Du Maurier's appearance as a witness in a lawsuit claiming she had plagiarised the plot of Rebecca from a little-known story she had never read was a critical moment for her. “She was asked to expound on the genesis of Rebecca. How could she? She could not even explain to herself how she had come to write it,” cries Dudgeon. Du Maurier could, of course, and did explain to herself how she had come to write it, but her problem in court was that of “most victims of possession when they are told to name their controller: they cannot see they are being controlled. None of Jim's victims ever had anything bad to say about him”.
Dudgeon, who has nothing good to say about Jim, frames his book with an account of how he once met du Maurier and knew her son, who “let slip” that his mother had “placed a 50-year moratorium on pulication of her adolescent diaries”. What, wondered Dudgeon, had the author been so desperate to keep under wraps until 2039? This question proves to be the germ of his research: perhaps she is his “dark controller”.

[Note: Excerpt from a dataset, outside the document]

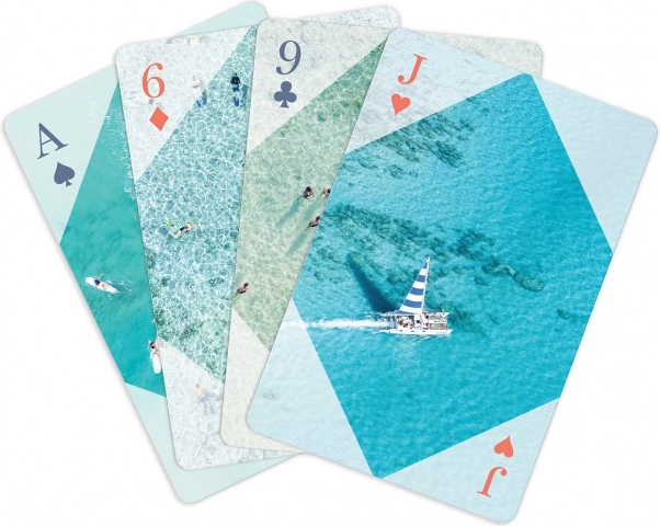 Απολαύστε μια μοναδική εμπειρία παιχνιδιού με αυτό το στιλάτο σετ, που συνδυάζει τα κλασικά στοιχεία τράπουλας με γοητευτικές αεροφωτογραφίες παραλιών. Το σετ περιλαμβάνει δύο τράπουλες με 54 κάρτες η καθεμία, συνολικά 108 κάρτες.

It was Barrie's belief, Dudgeon says, that “people are pegs on which we hang our emotions”. The same might be said of Dudgeon's own approach to biography: people are pegs on which to hang our theories. With its cast of one- dimensional characters and its theme of good v evil, Captivated is more pantomime than scholarship, but while few will agree with Dudgeon's findings, I defy you not to be...captivated.